Salvatore Scibona. Anche lui, come Téa Obreht, è stato incluso tra i '20 under 40' del New Yorker (sembra che gli organizzatori del festival abbiano invitato a tappeto gli scrittori giovani più apprezzati dai giornali letterari americani). Come si deduce facilmente dal nome, Salvatore Scibona è uno scrittore di origine italiana. Tuttavia è nato e cresciuto negli Stati Uniti ed ha imparato l'italiano solo da adulto. Il suo acclamato romanzo "La Fine" è ambientato nella comunità italoamericana di Cleveland, in Ohio, dove è cresciuto. Ogni personaggio sembra indirizzato verso una meta, la "fine" del libro, appunto. Eppure quasi non c'è trama in questo libro, che dagli anni '50 va a ritroso fino al 1915, girando sempre intorno alla festa dell'Assunta, molto importante all'interno della comunità italoamericana. Si tratta di un mondo dimenticato e a noi sconosciuto, eppure appartiene al nostro passato e a quello di tutti gli emigranti che dai paeselli più sperduti sono andati a fare fortuna in America. Lo stesso Scibona racconta di come abbia dovuto riscoprire le proprie radici e come sia un caso che si chiami Salvatore (suo padre, infatti, si chiama Kenneth). "Con un nome così", afferma lo scrittore, "mi sono sentito quasi in dovere di indagare sulle mie origini, mentre per quanto riguarda la storia della famiglia di mia madre, di origine polacca, non è stato lo stesso, anche perché non c'erano più legami con il suo paese d'origine. Non conosco più nessuno in Polonia, mentre in Sicilia ho ancora dei parenti, che sto per andare a visitare".
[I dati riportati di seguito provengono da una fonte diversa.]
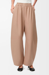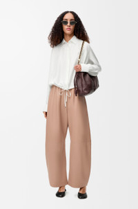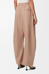 Trousers in lightweight nappa lambskin featuring a barrel silhouette. - Regular fit, regular length - Mid waist, loose leg - Elasticated waist - Rear welt pocket - Partially lined - Anagram embroidery placed at the waist Colour: Beige Main material: Nappa Weight: 0.9 kg Made in: Spain Materials & care Main Material: 100% lambskin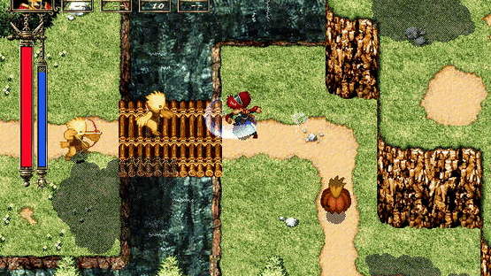 As a child, Jino's ailing uncle tells him of a powerful treasure, the Orichalcum, lying unclaimed in ancient ruins he once attempted to explore. Jino vows to grow strong enough to finish his uncle's work. Years later, the young but unprepared adventurer collapses outside the town of Encia. He recovers upon healing at the local inn, then fights further into the surroundings of the capital city Delphi. Others also want the fabled Orichalcum, from his magic-using ally Tia Chanti to the antagonistic sorcerer Thales. In the end, who among them will revive and reclaim the land's hidden power? Wander Wonder is a unique overhead 2D action-RPG by Compile, originally released in 3 episodes via their Disc Station digital magazine starting in October, 1999. Jino can jump, slash, and use a mix of items, tools, and special moves to explore and fight his way across the land. Weapons degrade with use, but are frequently found as loot or merchandise, adding an element of resource management and incentive to repair arms at blacksmiths. The game progresses in a flip-screen style a la classic Zelda or Ys; multiple complex overworlds and dungeons await you. Finally, there's considerable post-game content, from new side-quests to a 500-floor mega-dungeon!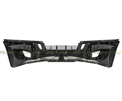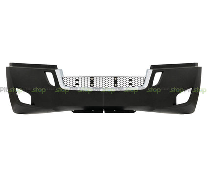 The new gen Freightliner Cascadia full bumper assembly is sold without fog light cutouts and can be used on new gen models (2018-current). This bumper is made from ABS plastic, and is primed and ready to be painted. The bumper is a direct replacement for several OEM parts: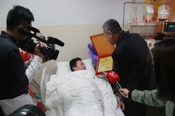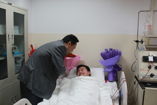 2016年5月9日,在长沙中南大学湘雅医院,康明即将完成造血干细胞的采集。必赢官网党委副书记易贵元、辅导员赵晓玲、团委学生会干部代表前去医院慰问。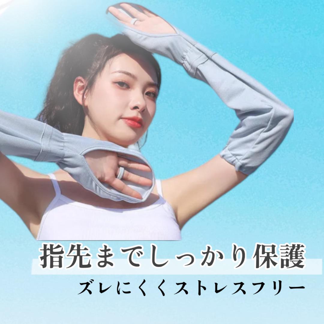 ・指先から肘上までしっかりカバーし日焼けを防止します。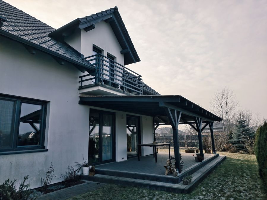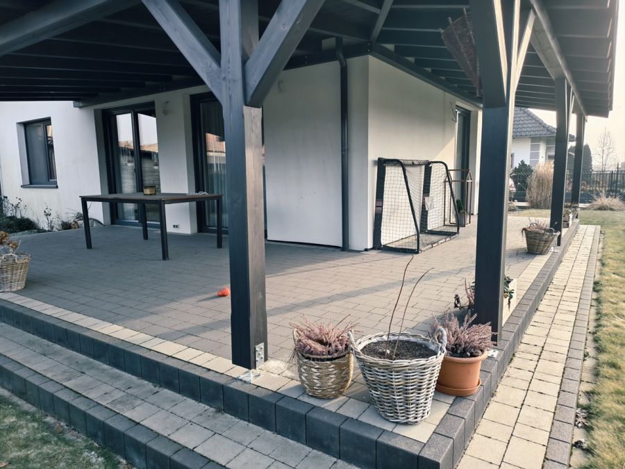 Dach pokryty dachówką Braas Rubin 9V w kolorze antracytowym. Zadaszony taras wykończony kostką brukową.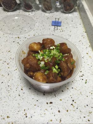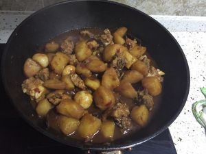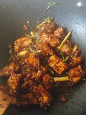 水烧到一半放些料酒,老抽,生抽,翻几下。继续煮直到水烧干。
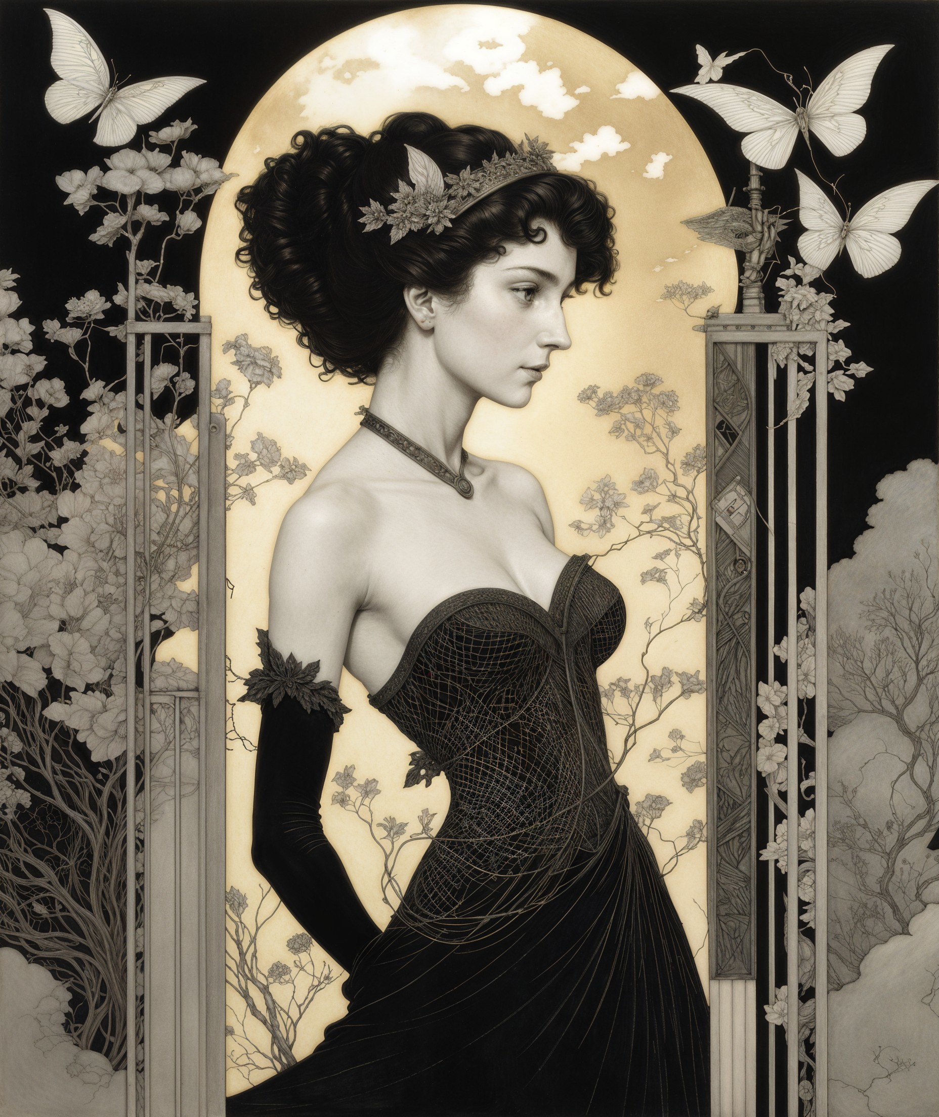 A striking portrait of a woman in elegant black attire, adorned with a necklace and gloves, flanked by two ethereal white birds. The backdrop features towering marble columns and a glowing aura.

Geraldine Brooks. Australiana d'origine ed americana d'adozione, Geraldine Brooks scrive romanzi storici dalle trame molto affascinanti. Che non si tratti di libri strampalati davanti ai quali gli storici si fanno solo grasse risate è chiaro dal fatto che nel 2006 l'autrice ha vinto il Premio Pulitzer per il suo romanzo "L'idealista", che racconta le peripezie del signor March, il padre delle sorelle di "Piccole Donne" che all'inizio del romanzo lascia le figlie per tornare solo alla fine del libro. "L'idealista", ispirandosi alla vita del vero padre dell'autrice del celebre classico per l'infanzia, racconta come il signor March, fervente abolizionista, avesse partecipato alla guerra di Secessione americana nel periodo in cui era lontano da casa. Un altro suo romanzo di Geraldine Brooks dalla trama affascinante è "I custodi del Libro", che racconta come un importante ed antico libro ebraico sia stato nascosto in una moschea di Sarajevo per metterlo al riparo dalla guerra imminente. L'autrice ha raccontato come compie le sue ricerche, parlando con testimoni diretti o con i loro discendenti, e come il germe che dà la vita ad un libro nasca da un interesse personale. Nel caso de "L'isola dei due mondi", per esempio, ambientato a Martha's Vineyard (prestigioso luogo di villeggiatura, ma anche uno dei pochi luoghi negli Stati Uniti dove i nativi americani non sono mai stati scacciati), l'interesse è nato quando lei stessa si è recata sull'isola per acquistare una proprietà. Durante il suo soggiorno a Mantova, per esempio, ha visitato il Palazzo Ducale ed è rimasta affascinata dalla presenza di una nana, vestita in maniera molto elegante, in uno degli affreschi delle stanze del palazzo. E' il genere di cose, spiega, che fanno scattare la sua voglia di ricerca, per poi creare una storia nata da un fatto curioso o interessante. Non deve tuttavia, essere, un fatto troppo inverosimile. L'intervistatrice, infatti, ci racconta come una volta Geraldine Brooks abbia dovuto scartare una storia troppo variopinta, che aveva per protagonisti una coppia che si salvò da un'epidemia di peste chiudendosi in una chiesa ed isolandosi dal resto della comunità.   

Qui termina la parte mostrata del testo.